A question, oh Swiss guru. Why do the Feltschers (yes, I snigger every time) play for Venezuela? I feel as though you have explained this before, and I didn't pay attention. (Giving myself detention for this forthwith.) Also, apparently cute Fernando AmoebaAmorebieta and his socks plays for them, too. Despite being Basque (you do have to be Basque to play for Bilbao, don't you? Or am I mixing up my La Liga regional attributes?)
I thought ESPN Soccernet were trolling me at first.
The Feltschers have a Venezuelan mum, that's why. Practically all the Swiss team are second-generation immigrants, hence the Albanian flag at training; I count four people of Albanian origin in this call-up alone, plus a Cape Verdean, a Chilean, a Macedonian, a Nigerian, a Turk and a Kurd. Plus there may be others I've missed out cos I don't recognise them. Not bad, eh?

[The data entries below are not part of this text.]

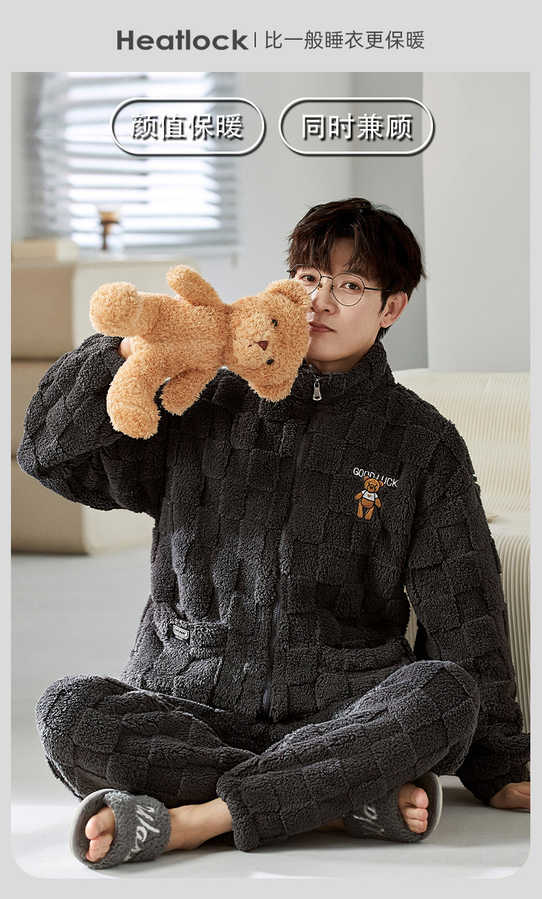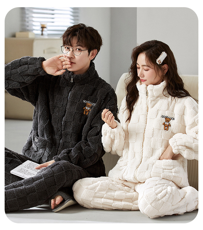 가을과 겨울 여성용 자카드 플러시 커플 잠옷 긴팔 두꺼운 따뜻한 산호 벨벳 남성용 홈웨어 세트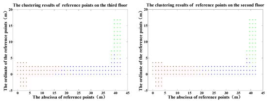 Besides the plane position of moving receivers, their floor position is necessary to locate them perfectly within multi-story buildings. Some researchers have done some work on floor identification. Deng et al. [11] proposed a WLAN indoor floor identification method based on the k-means algorithm that classifies floors according to the relationship between RSSI value and distance and takes the nearest class of subordinate floors as the final result. Alex et al. [12] proposed another method based on GSM (global system for mobile communications) fingerprint to identify the floor and studied different methods to reduce the amount of fingerprint collection effectively under the condition of ensuring a high identification accuracy rate. Li et al. [13] introduced prior information, such as an indoor environment map, to help the RSSI of WLAN to realize floor identification. Literature [14] applied WKNN (Weight K-Nearest Neighbor) and neural network respectively to floor judgment, which was also based on the RSSI. In contrast to the above, [15,16] used differential barometric altimetry to assist with floor identification and achieved a judgement rate of 98%. In addition, in order to improve the matching efficiency of online positioning, different clustering algorithms were introduced [17,18,19,20,21,22,23], such as interior geometric clustering algorithm. Some researchers considered APs (access points) as Voronoi diagram’s generators to create Voronoi cells and used these cells to cluster fingerprints of database [22,23]. After that, the location area of mobile nodes was determined by using the strongest access point, and finally used the dynamic KNN (K-nearest neighbor) algorithm to implement the fingerprint clustering algorithm.
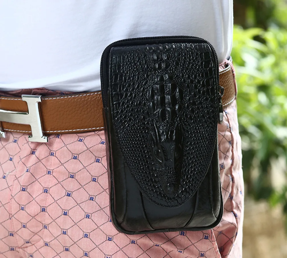 Поясная Сумка из натуральной кожи крокодиловой кожи, с карманами кожух, чехол для мобильного телефона

Mr Amoeba! Hahahaha! Should have put him in the animals spam, along with Pato, whose name turned into "pathogen" in Estonian. His wiki says he was born in Venezuela, so he obviously qualifies. *Tries to phrase this next bit delicately* Is he a bit, er, crap? Because I can see how if your choices were Spain or Venezuela, the Venezuelan option would give you a hell of a lot more chance of a call-up.
Trolling you? Oh, were they on about Cavani's mate burning his trousers as well?

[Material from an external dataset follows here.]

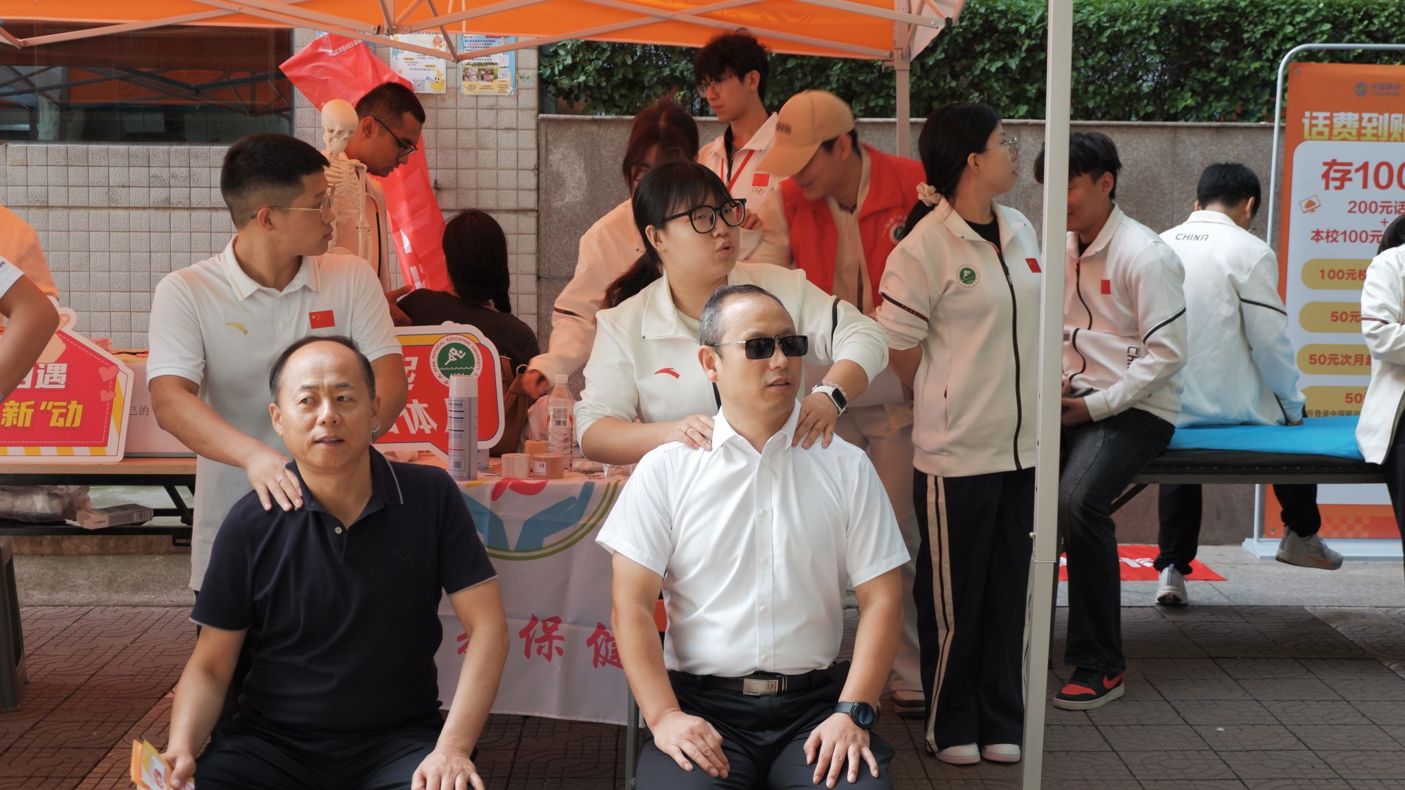 我院特色社团康复保健协会也为学生、家长们提供按摩服务,充分展示社团特色,让新同学对本院社团产生极大兴趣。

Ah, that makes sense, thank you, it's just...if they play their club football in Europe Venezuela seems like a heck of a trek for national call-ups.
Teehee, perhaps you should try and create a Miniature Organisms team, it could be the start of a series! :p To be honest, I don't know if he's crap or not--but it does seem that the Spanish team is pretty well cemented, so even if you're awesome if you're not in it already you're probably shafted.

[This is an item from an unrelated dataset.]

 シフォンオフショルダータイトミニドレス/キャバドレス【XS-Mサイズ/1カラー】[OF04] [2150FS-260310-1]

(Haha, no--just the fact that they were listing two Swiss and a Spaniard in the Venezuelan line-up. I thought they might have been doing it to see if anyone noticed.)
Well, they'll not be alone; I suppose all non-European footballers must have that problem, since presumably the vast majority of them aspire to play in Europe. Awkward. For them, though, I suspect it might be national pride and that. Kuzi elected to play for Serbia for the same reason (or so he says).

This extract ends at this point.